What this task involves:
What you return should be only the lines starting at the one that contains "Giacca invernale dal" and running to the end of the listing, exactly as written, minus any pictures.

Supplied data:
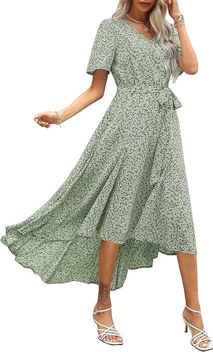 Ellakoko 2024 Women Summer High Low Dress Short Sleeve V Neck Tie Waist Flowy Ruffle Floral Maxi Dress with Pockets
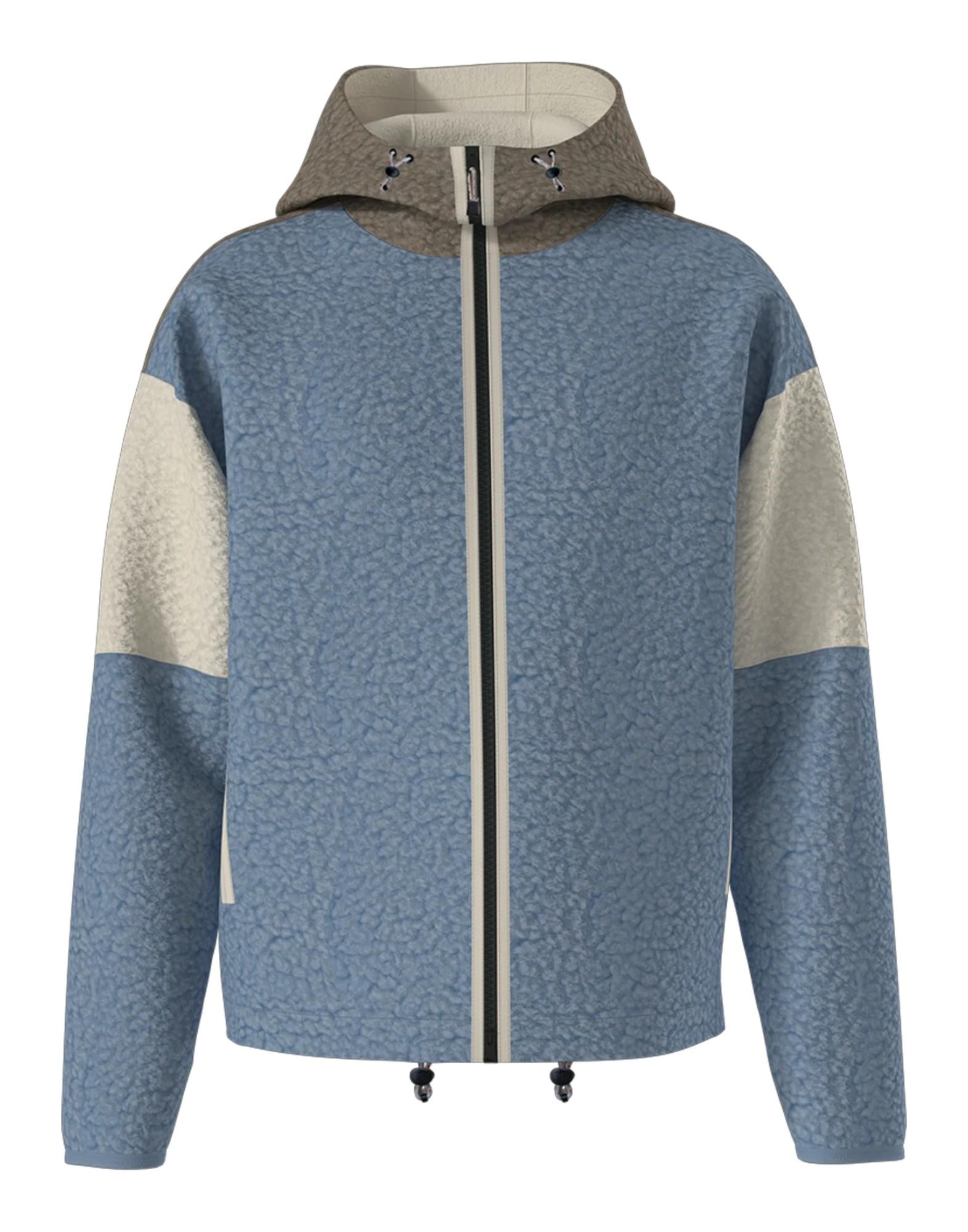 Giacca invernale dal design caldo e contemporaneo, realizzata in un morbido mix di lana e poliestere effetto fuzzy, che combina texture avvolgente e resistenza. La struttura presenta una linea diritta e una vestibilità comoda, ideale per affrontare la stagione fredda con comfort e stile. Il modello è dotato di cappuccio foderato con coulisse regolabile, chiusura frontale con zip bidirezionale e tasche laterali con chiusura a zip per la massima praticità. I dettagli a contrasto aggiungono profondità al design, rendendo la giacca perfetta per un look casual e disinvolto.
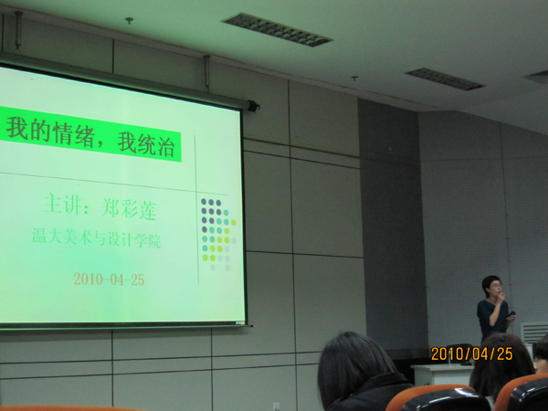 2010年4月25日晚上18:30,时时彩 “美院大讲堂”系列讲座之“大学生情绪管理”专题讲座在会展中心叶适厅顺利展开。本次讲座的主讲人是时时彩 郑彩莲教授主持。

Answer box:
 Giacca invernale dal design caldo e contemporaneo, realizzata in un morbido mix di lana e poliestere effetto fuzzy, che combina texture avvolgente e resistenza. La struttura presenta una linea diritta e una vestibilità comoda, ideale per affrontare la stagione fredda con comfort e stile. Il modello è dotato di cappuccio foderato con coulisse regolabile, chiusura frontale con zip bidirezionale e tasche laterali con chiusura a zip per la massima praticità. I dettagli a contrasto aggiungono profondità al design, rendendo la giacca perfetta per un look casual e disinvolto.
 2010年4月25日晚上18:30,时时彩 “美院大讲堂”系列讲座之“大学生情绪管理”专题讲座在会展中心叶适厅顺利展开。本次讲座的主讲人是时时彩 郑彩莲教授主持。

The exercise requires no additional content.